Mais il faut noter encore un caractère essentiel. Pour le mystique chrétien, et peut-être pour tous les mystiques, l’intelligence n’est qu’amour ; aimer, c’est comprendre. Une des vertus de la vie commençante, pour notre moine, c’est la sobriété, celle du corps et celle de l’âme. Pour le corps, que l’homme, dit-il, mange et boive comme un malade prend une potion. Pour l’esprit, ne cherchez pas à comprendre ce que Dieu est, vous deviendriez fous ; cherchez-le « selon la vie du Christ » : l’intelligence n’atteint pas Dieu, « mais là où l’intelligences reste dehors, entrent l’amour et le désir ». Et remarquez-le ! ces noces spirituelles que mérite l’homme sage, ce sont les noces charnelles sans la chair, purifiées et vidées de leur contenu grossier. Les paroles mêmes qui en expriment la sublime émotion sont tout humaines : c’est le coup de foudre, l’unité du cœur qui enlace le corps et l’âme, l’intimité avec ses tourments, la gratitude qui ne sait pas compter, l’orgueil d’être plus heureux qu’autrui, l’ébullition de l’âme qui fait qu’elle retombe sur soi et que son feu se ranime et brûle éternellement, la volupté, la liquéfaction du cœur, l’ivresse divine où l’on chante, pleure, trépigne, gesticule, ou se tait, l’avalement de l’un en l’autre, réciproquement et toujours, le suprême repos et l’enveloppement jouissant de l’immersion amoureuse.

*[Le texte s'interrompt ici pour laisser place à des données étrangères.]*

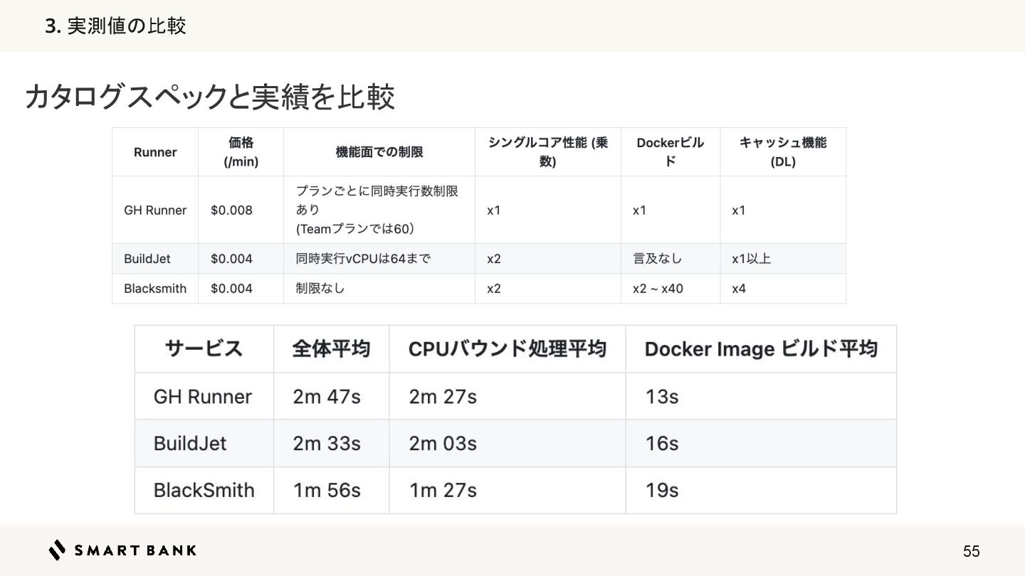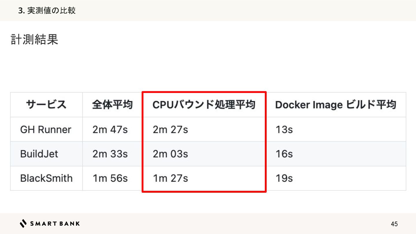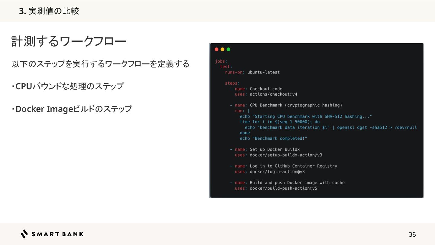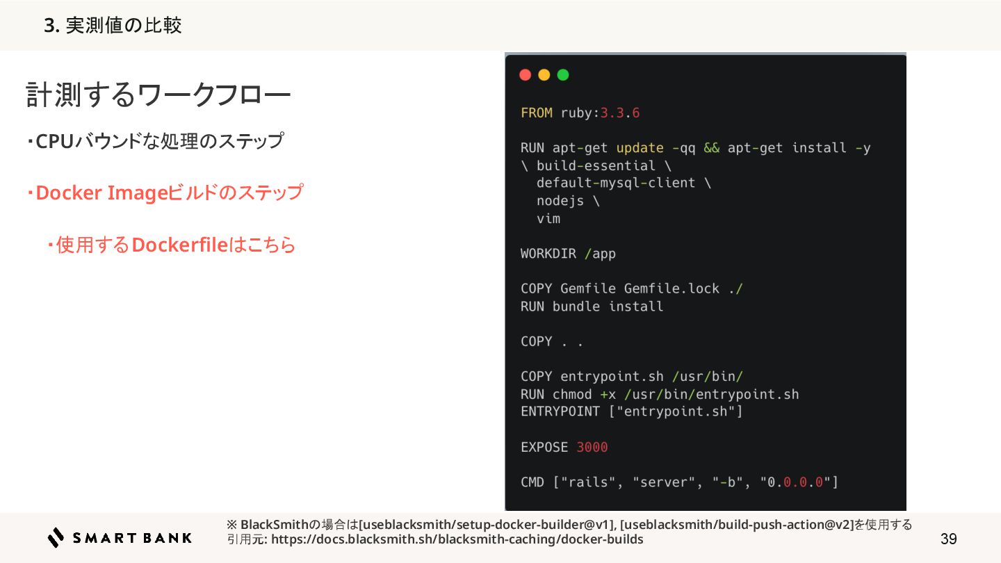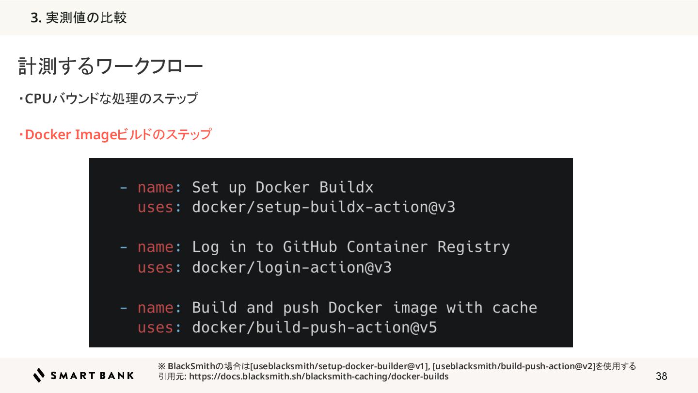 38 3. 実測値の比較 計測するワークフロー ・CPUバウンドな処理のステップ ・Docker Imageビルドのステップ ※ BlackSmithの場合は[useblacksmith/setup-docker-builder@v1],
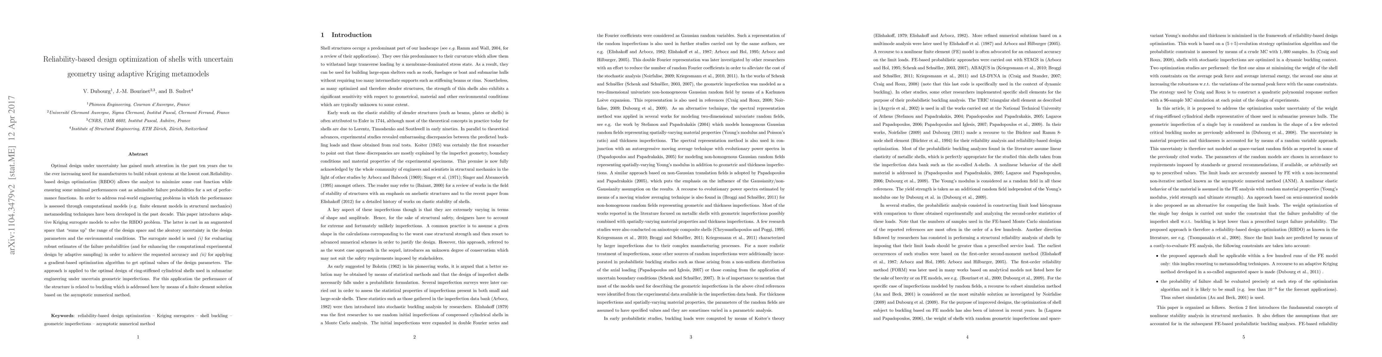 This paper proposes adaptive Kriging metamodels for reliability-based design optimization (RBDO) of shells with uncertain geometry, focusing on minimizing costs while ensuring minimal performance under failure probabilities. The method enhances computational design through adaptive sampling and gradient-based optimization for optimal design of ring-stiffened cylindrical shells.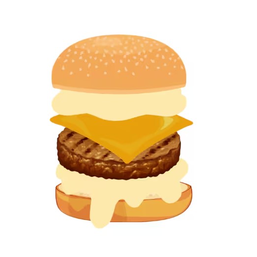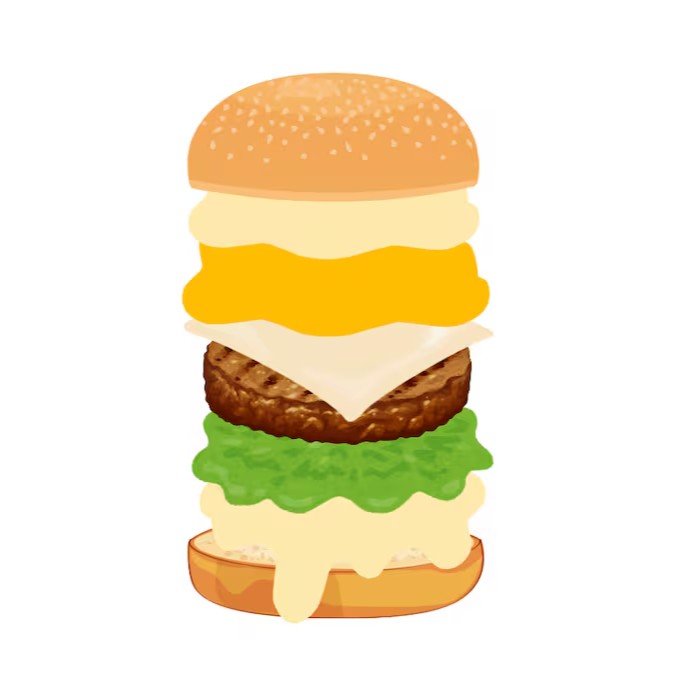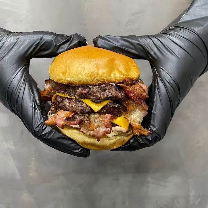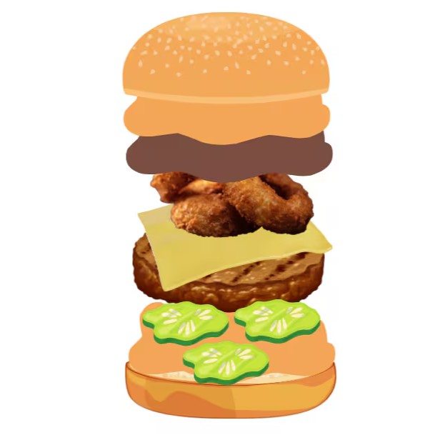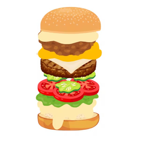 - Pão, Mayo, alface, burger, mussarela, cheddar cremoso, burger, mussarela, cheddar cremoso e bacon fatiado.

Ainsi la créature qui s’élève vers Dieu répète les moments du plaisir d’amour ; mais elle monte, parce qu’elle a tué en elle la chair, résorbé le sang, qu’elle a porté l’appétit dans le cerveau et transfiguré l’objet de son adoration. Par une maîtrise longue et patiente du désir, par une dérivation savante de l’influx nerveux, elle a conquis le pouvoir d’aller jusqu’au delà de l’extase et de s’y maintenir quelques instants sans que la machine craque et se rompe de toutes parts. Le mystique pense exciter son intelligence en s’abîmant dans la sensibilité ; il a l’illusion de comprendre parce qu’il s’anéantit.

Lucien Arréat.

A. Regnard. Aryens et sémites. Le Bilan du Judaïsme et du Christianisme, t.  I. (Paris, Dentu, 1890.)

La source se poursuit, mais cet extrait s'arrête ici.